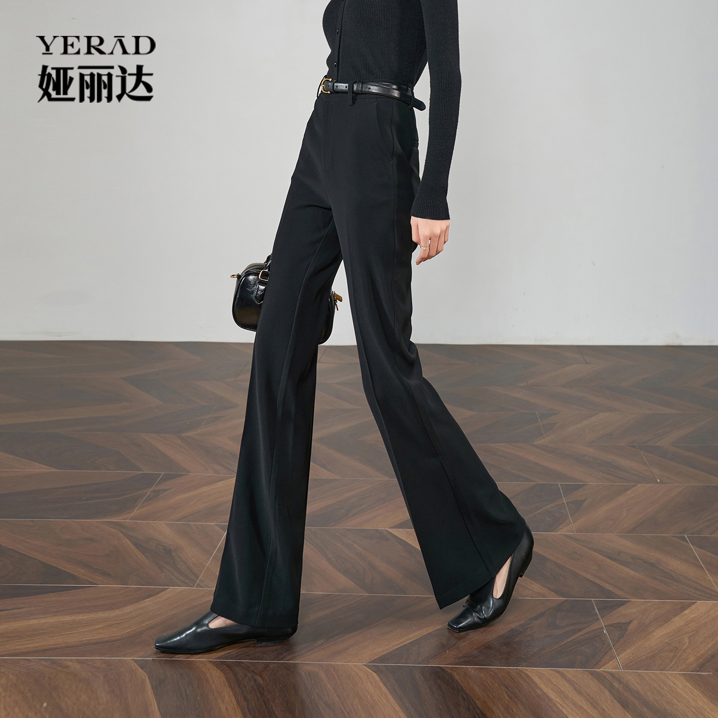 女宽松显瘦裤 长裤 子2025秋季 拖地休闲黑色喇叭裤 新款 娅丽达微喇裤
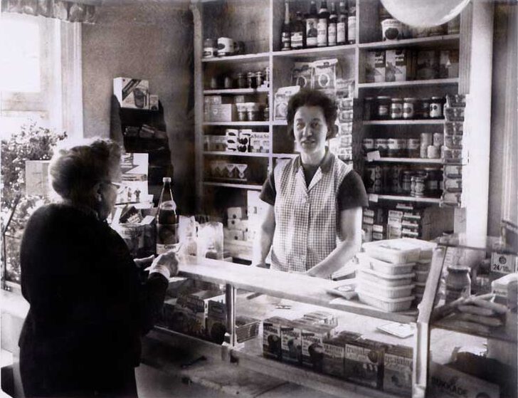 Einkaufen in Iseringhausen – Früher etwas ganz normales! Dieses Bild zeigt Regina Viedenz (Franzes) und eine Kundin im damaligen Tante-Emma-Laden in der Brachtpetalstraße.
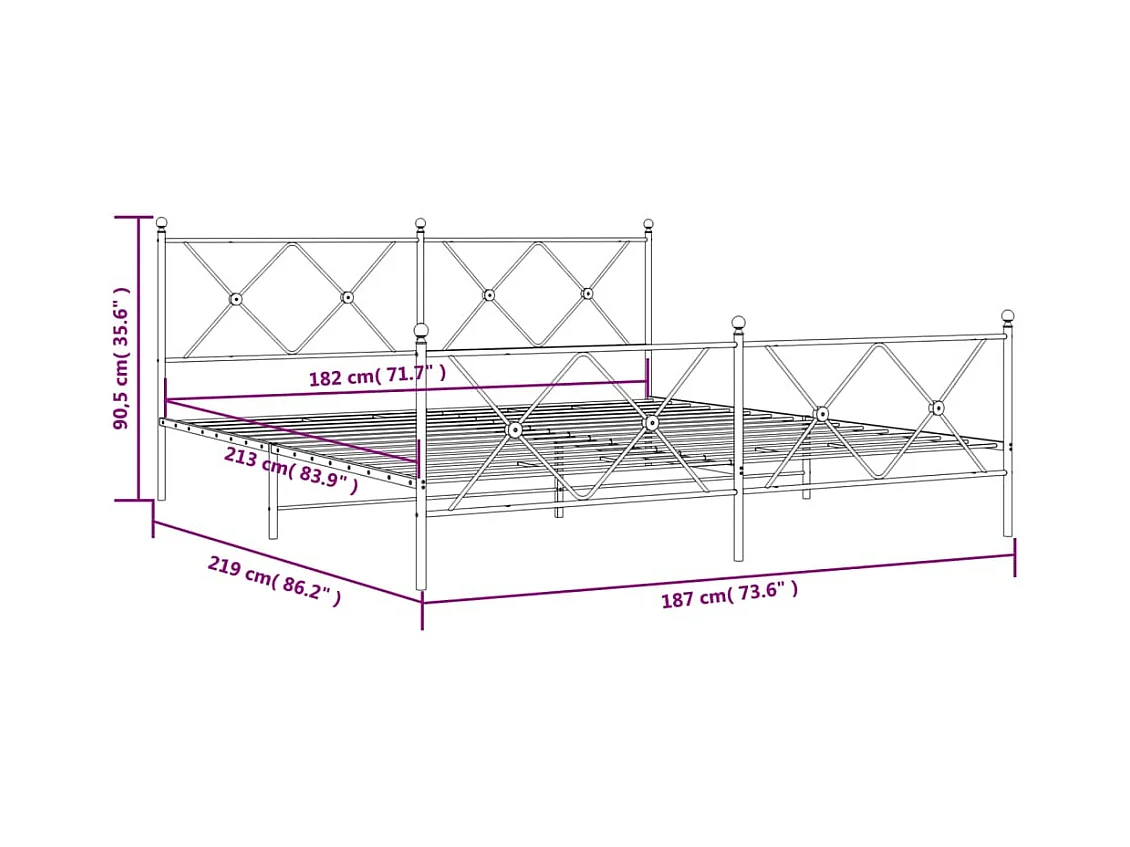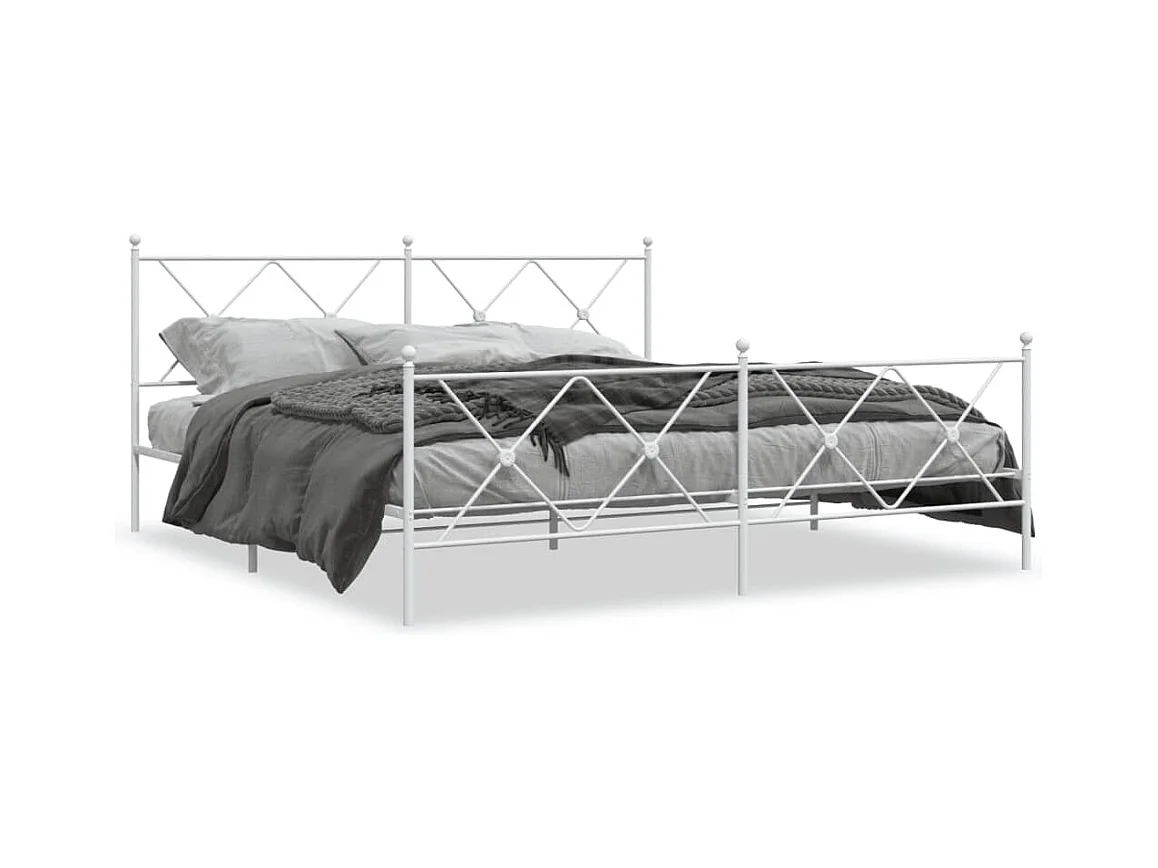 Cadre de lit métal avec tête de lit-pied de lit blanc 183x213
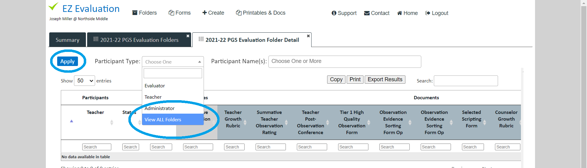 5. Choose ‘View ALL Folders’ in the drop down menu under ‘Participant Type,’ choose ‘Okay’ on the pop up that warns it will take 30 seconds to load, and then select ‘Apply.’

────────

**Problem to solve:**
Set down the whole listing exactly as given, except for the pictures.

**Solution:**
 女宽松显瘦裤 长裤 子2025秋季 拖地休闲黑色喇叭裤 新款 娅丽达微喇裤
 Einkaufen in Iseringhausen – Früher etwas ganz normales! Dieses Bild zeigt Regina Viedenz (Franzes) und eine Kundin im damaligen Tante-Emma-Laden in der Brachtpetalstraße.
 Cadre de lit métal avec tête de lit-pied de lit blanc 183x213
 5. Choose ‘View ALL Folders’ in the drop down menu under ‘Participant Type,’ choose ‘Okay’ on the pop up that warns it will take 30 seconds to load, and then select ‘Apply.’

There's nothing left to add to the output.